The Road to Little Dribbling by Bill Bryson. Oh my, Bill. I used to say I would read your grocery list if I had the chance. I’m sure it would be hilarious. You’re such a good writer – wry, funny, ironic, clever, full of new information. The Road to Little Dribbling started out that way. I enjoyed it until about half way through when it dissolved into a monotonous, repetitious diary of “what I did today.”
Stopped in suchandsuch town; parked my car; walked 20 miles including down to the seashore, then through the main street, where there was a greengrocer, two pubs, a jeweler, a coffee shop and a shoe store. Then I got in my car and drove to soandso town, where I parked far away because in-town parking was so freaking expensive; walked down High Street, where there were three pubs, a shoe store, a greengrocer, a coffee shop, a pet shop and a jeweler.
Bryson’s One Summer, America, 1927 was wonderful. At Home was very good. A Walk in the Woods, Notes from a Small Island, A Sunburned Country – all were wonderful travel memoirs. But The Road to Little Dribbling? Zzzzzzz. I finished it, just because I admire his former books, but the denouement was a snoozer. So sorry. Try me again, Bill. ★★ out of four stars.

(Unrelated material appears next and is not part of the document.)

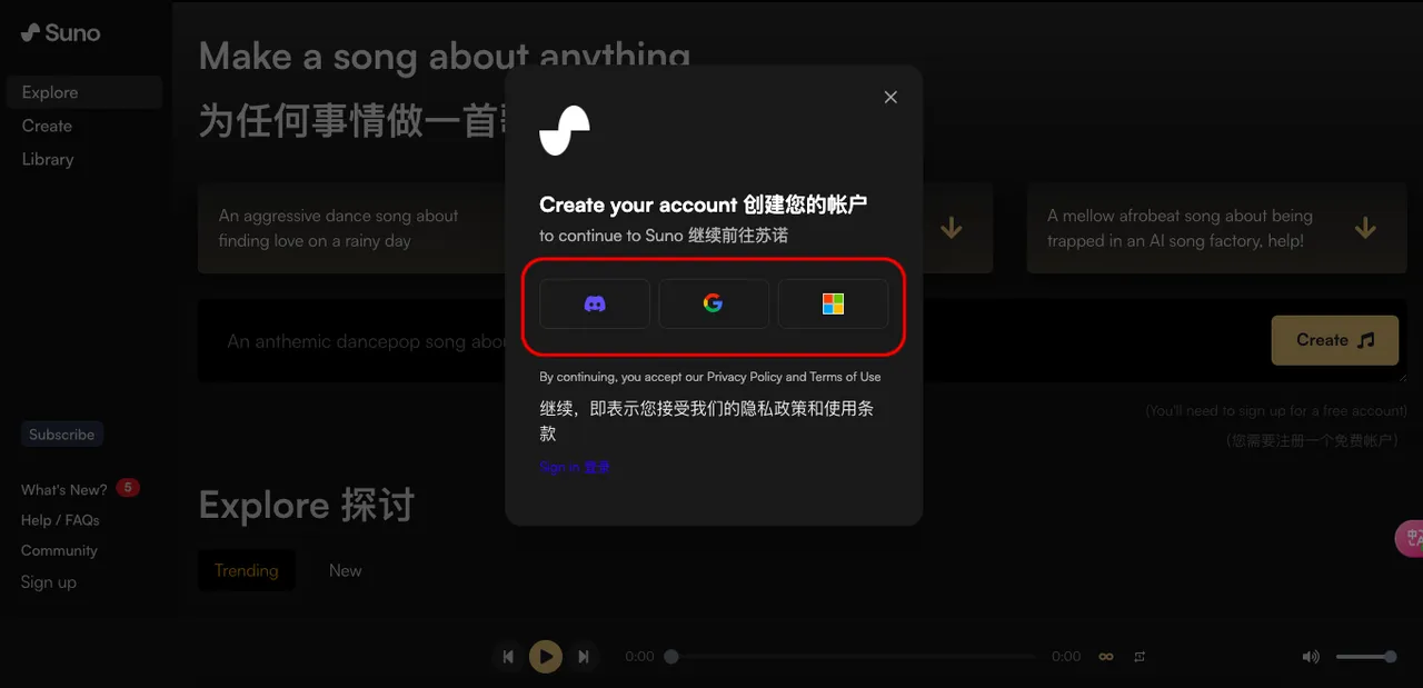 打开上面的入口,点击 Suno 主页面左下角的 Sign up。

Vinegar Girl by AnneTyler. I also expected something special from Anne Tyler. This novel was supposed to be a modern take on Shakespeare’s Taming of the Shrew. Great premise. Kate is the protagonist/shrew. She is grumpy, acerbic, painfully direct, insulting and --- let’s face it . . . she’s a shrew (which I surmise is the Shakespearean term for bitch). She has no boyfriend and is considered an old maid at age 27. She works as an aide at a preschool and doesn’t much like her job. Her younger sister, Bunny (a la Bianca in the Taming of the Shrew) is 15 and surrounded by adoring young men. Their father is a research scientist, absorbed in his work and often neglectful of his daughters. Their mother is dead.

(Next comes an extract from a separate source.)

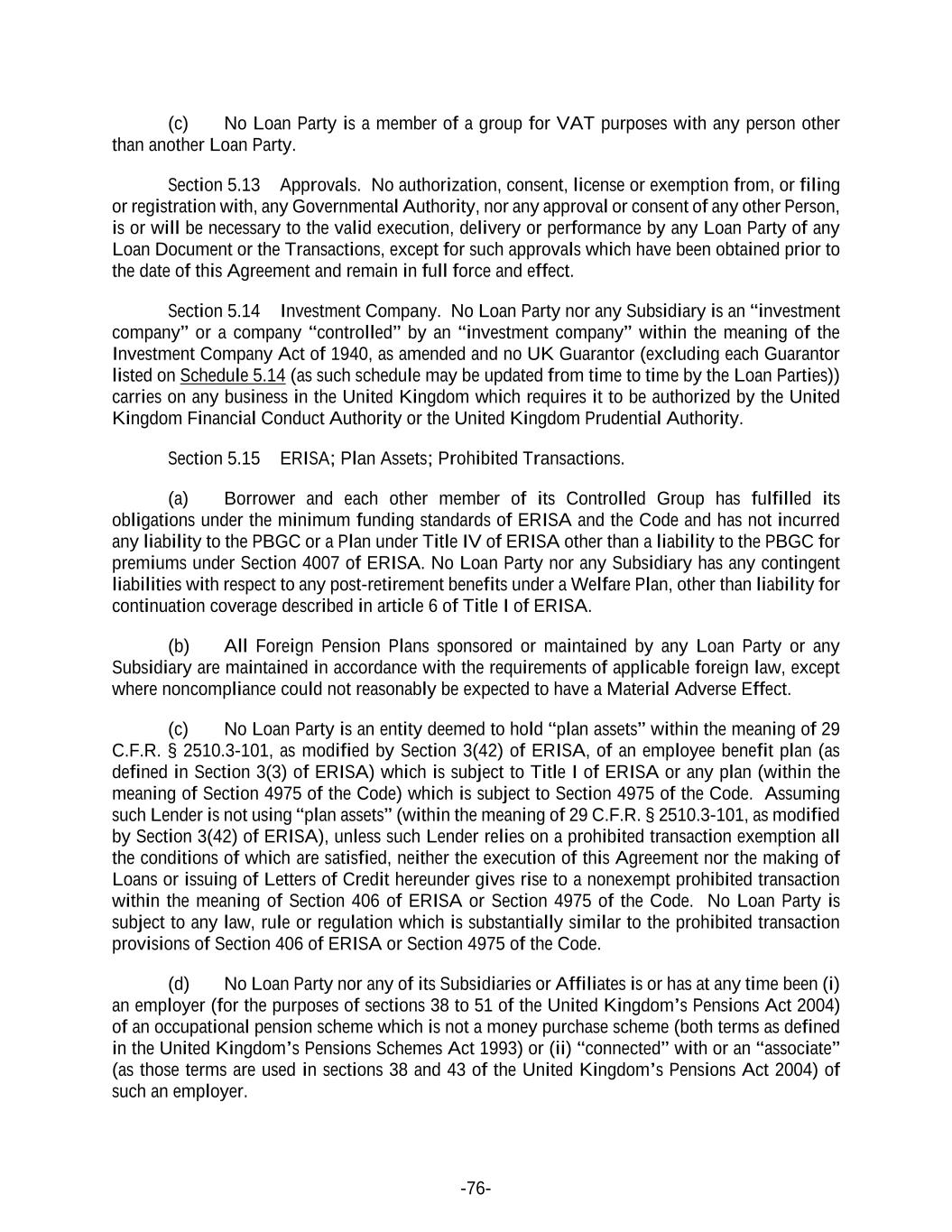 -76- (c) No Loan Party is a member of a group for VAT purposes with any person other than another Loan Party. Section 5.13 Approvals. No authorization, consent, license or exemption from, or filing or registration with, any Governmental Authority, nor any approval or consent of any other Person, is or will be necessary to the valid execution, delivery or performance by any Loan Party of any Loan Document or the Transactions, except for such approvals which have been obtained prior to the date of this Agreement and remain in full force and effect. Section 5.14 Investment Company. No Loan Party nor any Subsidiary is an “investment company” or a company “controlled” by an “investment company” within the meaning of the Investment Company Act of 1940, as amended and no UK Guarantor (excluding each Guarantor listed on Schedule 5.14 (as such schedule may be updated from time to time by the Loan Parties)) carries on any business in the United Kingdom which requires it to be authorized by the United Kingdom Financial Conduct Authority or the United Kingdom Prudential Authority. Section 5.15 ERISA; Plan Assets; Prohibited Transactions. (a) Borrower and each other member of its Controlled Group has fulfilled its obligations under the minimum funding standards of ERISA and the Code and has not incurred any liability to the PBGC or a Plan under Title IV of ERISA other than a liability to the PBGC for premiums under Section 4007 of ERISA. No Loan Party nor any Subsidiary has any contingent liabilities with respect to any post-retirement benefits under a Welfare Plan, other than liability for continuation coverage described in article 6 of Title I of ERISA. (b) All Foreign Pension Plans sponsored or maintained by any Loan Party or any Subsidiary are maintained in accordance with the requirements of applicable foreign law, except where noncompliance could not reasonably be expected to have a Material Adverse Effect. (c) No Loan Party is an entity deemed to hold “plan assets” within the meaning of 29 C.F.R. § 2510.3-101, as modified by Section 3(42) of ERISA, of an employee benefit plan (as defined in Section 3(3) of ERISA) which is subject to Title I of ERISA or any plan (within the meaning of Section 4975 of the Code) which is subject to Section 4975 of the Code. Assuming such Lender is not using “plan assets” (within the meaning of 29 C.F.R. § 2510.3-101, as modified by Section 3(42) of ERISA), unless such Lender relies on a prohibited transaction exemption all the conditions of which are satisfied, neither the execution of this Agreement nor the making of Loans or issuing of Letters of Credit hereunder gives rise to a nonexempt prohibited transaction within the meaning of Section 406 of ERISA or Section 4975 of the Code. No Loan Party is subject to any law, rule or regulation which is substantially similar to the prohibited transaction provisions of Section 406 of ERISA or Section 4975 of the Code. (d) No Loan Party nor any of its Subsidiaries or Affiliates is or has at any time been (i) an employer (for the purposes of sections 38 to 51 of the United Kingdom’s Pensions Act 2004) of an occupational pension scheme which is not a money purchase scheme (both terms as defined in the United Kingdom’s Pensions Schemes Act 1993) or (ii) “connected” with or an “associate” (as those terms are used in sections 38 and 43 of the United Kingdom’s Pensions Act 2004) of such an employer.

Kate does the cooking, cleaning, washing and ironing, shopping, gardening – everything around the house – plus she holds down that unrewarding job. She’s the family slave. No wonder she’s so shrewish/bitchy.
Her father’s research assistant is Pyotr Cherbakov, and father wants Kate to marry him so Pyotr can get his green card and stay in the United States to complete their joint project – something involving autoimmunity and lots of lab mice. In spite of Kate’s dislike of Pyotr, she (inexplicably!) agrees to marry him. Father is ecstatic. How the marriage succeeds (or fails) is so unbelievable and so weird, I suspended my suspension of disbelief. The characters were not provided with any motivation; Pyotr wasn’t even mildly appealing; Kate was truly a shrew; Bunny was a ditzy airhead. Come on, Anne, dazzle me with some more good novels about real people with complicated, believable relationships. ★★ out of four stars.
The Wonder by Emma Donoghue. This – and the next one – are the only novels I’ve read in the last 10 years that (in my view) deserve fewer than two stars. Donoghue’s Room was terrific, but oh, my, this one is a snoozer. Nothing happens. Nothing, that is until the protagonist, Lib, a nurse trained by Florence Nightengale Herself, finally takes action in the last 50 pages. I wonder how many readers got as far as the last 50 pages.
The first part of the novel is page after page after page of descriptions of Anna, a dying girl. Anna and her mother claim that Anna has been living for four months without eating. When Lib meets her, she appears plump and healthy. Lib’s task, given to her by a committee of Irish Catholic nutcases, is to discover how Anna is secretly being fed. Page after page after page of nothing. The ending is far-fetched and contrived. ★ out of four stars. Please don’t waste time reading this. Take a nap instead.
The Whole Town’s Talking by Fannie Flagg. I couldn’t even finish this snore fest. I gave up about three quarters of the way into it. It has a nice premise – the people in the town cemetery are talking to each other. They’re all from the same community and when someone new arrives, they catch up on town gossip, talk amongst themselves, marvel at the changes in the town where they all lived. But it is predictable and boring and trite.
Fannie Flagg wrote Fried Green Tomatoes at the Whistle Stop Café, and Can’t Wait to Get to Heaven and The All-Girl Filling Station’s Last Reunion – all winners. She’s usually funny, quirky and down to earth. But this The Whole Town’s Talking gets ★ out of four stars.